Büyüme faktörü (G-CSF, 6-24 μg/kg/gün) uygulamalarında en sık (%81-98) izlenen yan etki kemik ağrısıdır. Giderek azalan sıklıkta olmak üzere baş ağrısı, grip benzeri bulgular, uykusuzluk, ateş, bulantı ve kusma izlenebilmektedir. Uygulanan büyüme faktörü dozu ile izlenen yan etkilerin şiddeti arasında ilişki saptanmıştır (82).

G-CSF uygulaması sırasında dalak boyutunda büyüme (ortalama 1-1.5 cm) tanımlanmış ve nadiren dalak rüptürü bildirilmiştir (83-86). Büyüme faktörü uygulaması sırasında ve sonrasındaki 2–3 haftalık dönemde vericilerin fiziki aktivitelerine özen göstermeleri ve özellikle temas gerektiren sporlardan kaçınmaları önerilmektedir (87).

G-CSF uygulaması ile ilgili olarak genelde ciddi ancak az sayıda çeşitli yan etkiler (myokard infarktüsü, derin ven trombozu ve pulmoner emboli, kapiller sızma sendromu, hipertansiyon, hipertiroidi, trombositopeni, serebrovasküler malformasyona bağlı kafaiçi kanama, akut akciğer hasarlanması, şiddetli trombositopeni) bildirilmiştir (87).

Laboratuvar çalışmalarında, G-CSF uygulaması ile lenfositlerde genetik ve epigenetik değişiklikler, mono-nükleer hücrelerin gen sunumlarında farklılıklar ve DNA yapısında istikrarsızlaşma bildirilmiştir (87). Ek olarak meme kanserli hastalarda ve kötücül olmayan hastalıklarda G-CSF uygulamasının lösemi ve miyelodisplastik sendrom gelişme riskini arttırabileceği yayınlanmıştır (87-89). Büyüme faktörü uygulanan vericilerde genelde lösemi riskinde artış bildirilmemesine karşın yakın zamanda yayınlanan bir çalışmada, lenograstim ile mobilize edilmiş akraba dışı vericilerde sadece Hodgkin Lenfoma izlenme sıklığının yaş ile uyumlu

(29)

gruba göre anlamlı olarak arttığı saptanmıştır (90). Bu alanda ileri dönük, çok sayıda vaka içeren ve uzun süreli takip ile gerçekleştirilmiş çalışmalara ihtiyaç vardır.

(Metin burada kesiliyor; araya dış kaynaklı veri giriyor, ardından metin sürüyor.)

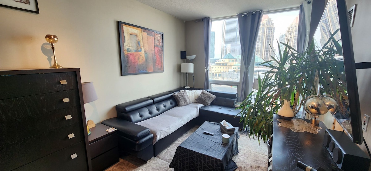 歡迎來到我們現代豪華的角落頂層公寓! 這個明亮的空間設計時尚,綠意盎然,高級感十足,提供舒適、優雅和輕鬆的熱帶氛圍。 欣賞迷人的城市全景,並享受頂級設備與服務,包括戶外泳池、按摩浴池和蒸汽房桑拿。 開車前往市中心僅需15分鐘。 大眾交通就在門口。開車10分鐘即可抵達羅傑斯體育場。 非常適合挑剔的房客,尋找多倫多充滿活力的城市核心的高級住宿
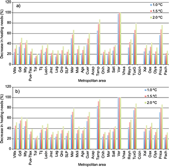 Heating needs are certainly expected to decrease under global and local warming scenarios due to urbanization. Results of this study show that the percentage reduction (over 50%) will be greater in warm places like Mérida, Tampico, Veracruz, Tuxtla Gutiérrez, and Poza Rica. Acapulco and Cancún already used no heating in the base period. Cold areas like Toluca, Pachuca, and Tijuana will decrease use by 15 to 30%, considering the UHI. The decrease in the remaining areas will be between 25 and 60%. However, it is important to note that temperate metropolitan areas (Aguascalientes, Celaya, Cuernavaca, Guadalajara, León, Morelia, Oaxaca, Pachuca, Puebla-Tlaxcala, Querétaro, Saltillo, San Luis Potosí, Tijuana, Toluca, Xalapa, and Valley of Mexico) experience extreme minimum temperatures below 5 ºC in the base period, and it is very likely that cold waves will continue to affect them in the future.
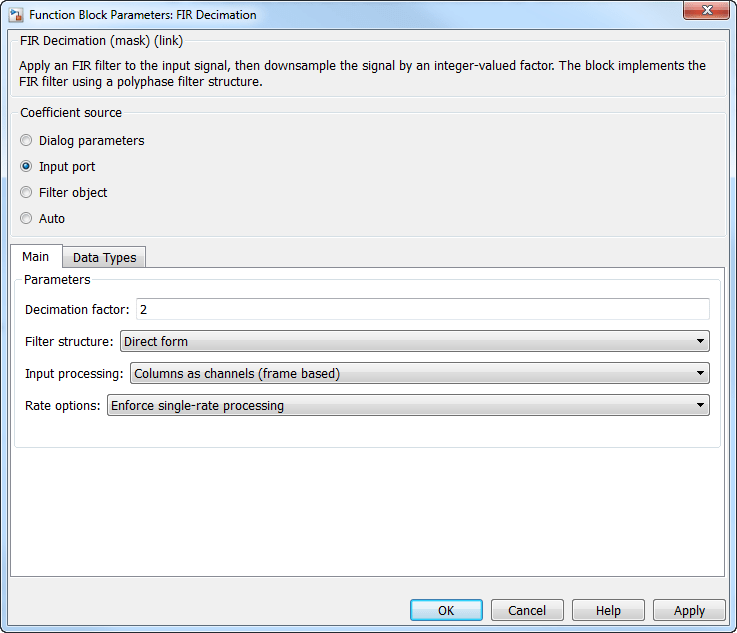 Входной порт (Input port) - указывает коэффициенты фильтра в качестве входных данных блока. Значения коэффициентов настраиваются (могут изменяться во время моделирования), а их свойства должны оставаться постоянными.
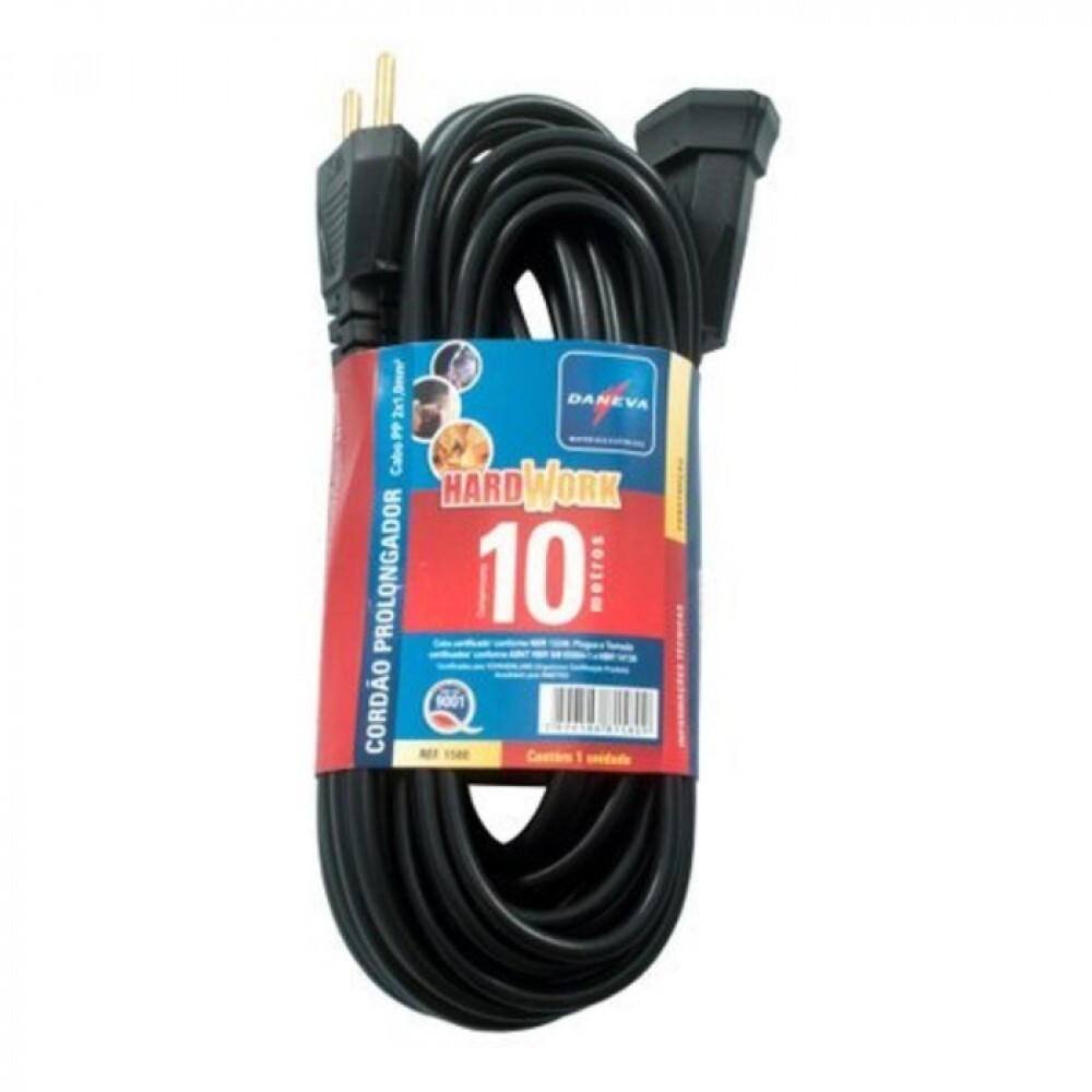 Produto certificado pelo INMETRO. Potencia máxima: 2200W. Cabo: Paralelo bitola 2 x 0,75 mm². Comprimento: 10 metros desenrolada. Disponibilidade de grandes quantidades. SEMPRE DESENROLE O PRODUTO TOTALMENTE PARA USAR.
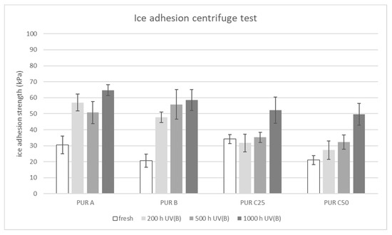 For coatings PUR A and PUR B, a clear increase in the ice adhesion strength was obvious after 200 h of UV exposure, with further UV exposure leading to no further increase. For coatings PUR C25 and PUR C50, a significant increase in ice adhesion strength was observed after 1000 h of UV exposure, keeping in mind that the values are still at a low level (around 50 kPa).
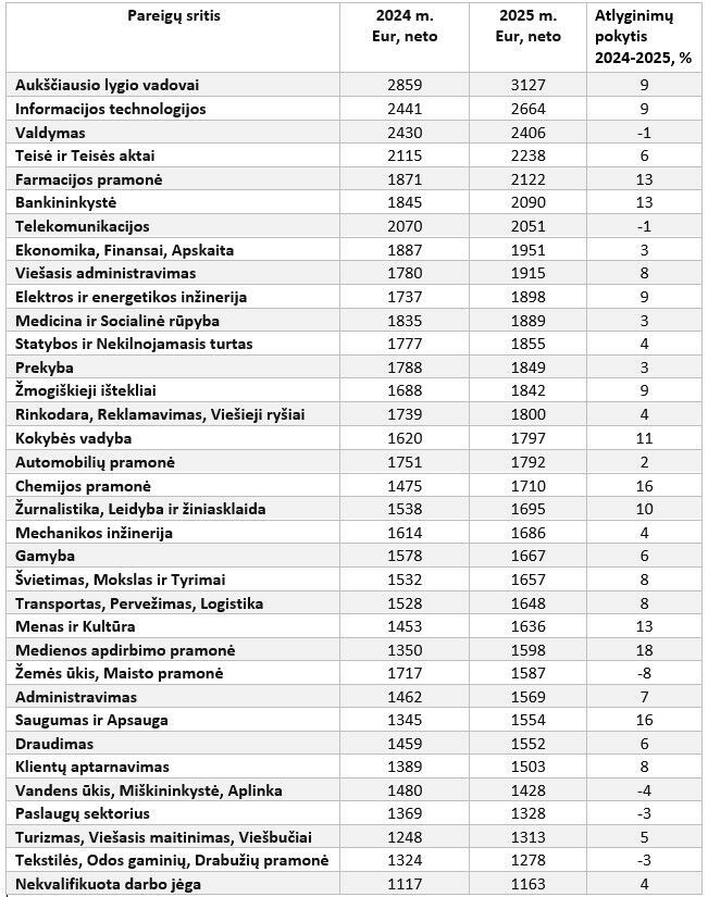 Didžiausi atlyginimai 2025 m. ir toliau mokami informacinių technologijų, valdymo srities darbuotojams ir aukščiausio lygio vadovams. Aukščiausio lygio vadovų atlyginimo vidurkis “į rankas” per metus augo iki 3 127 Eur (+9 proc.), IT specialistų – iki 2 664 Eur (+9 proc.).

Tek doz peg-filgrastim (12-18 mg) uygulanan gerek akraba gerekse akraba dışı vericilerde ağrı (%76 kemik ve %44 baş), uygulama yerinde reaksiyon (%28) ve daha az sıklıkta izlenen (uykusuzluk, terleme ve hipotansiyon) yan etkiler bildirilmiştir (91). Az sayıda vaka içeren çalışmada plerixafor (240 μg/kg) uygulaması ile vericilerde sadece derece 1 düzeyinde olmak üzere bulantı, şişkinlik ve gaz (%36), uygulama yerinde rahatsızlık (%28), ağız çevresi uyuşma, sulu dışkılama, terleme (%20) ve baş ağrısı (%16) bildirilmiştir (92). Gerek peg-filgrastim gerekse plerixafor’un vericilerde uygulamaları ile ilgili olarak daha çok vericiden oluşan, ileri dönük olarak planlanmış çalışmalara ve uzun dönemli sonuçlarının ortaya konmasına gereksinim vardır (93).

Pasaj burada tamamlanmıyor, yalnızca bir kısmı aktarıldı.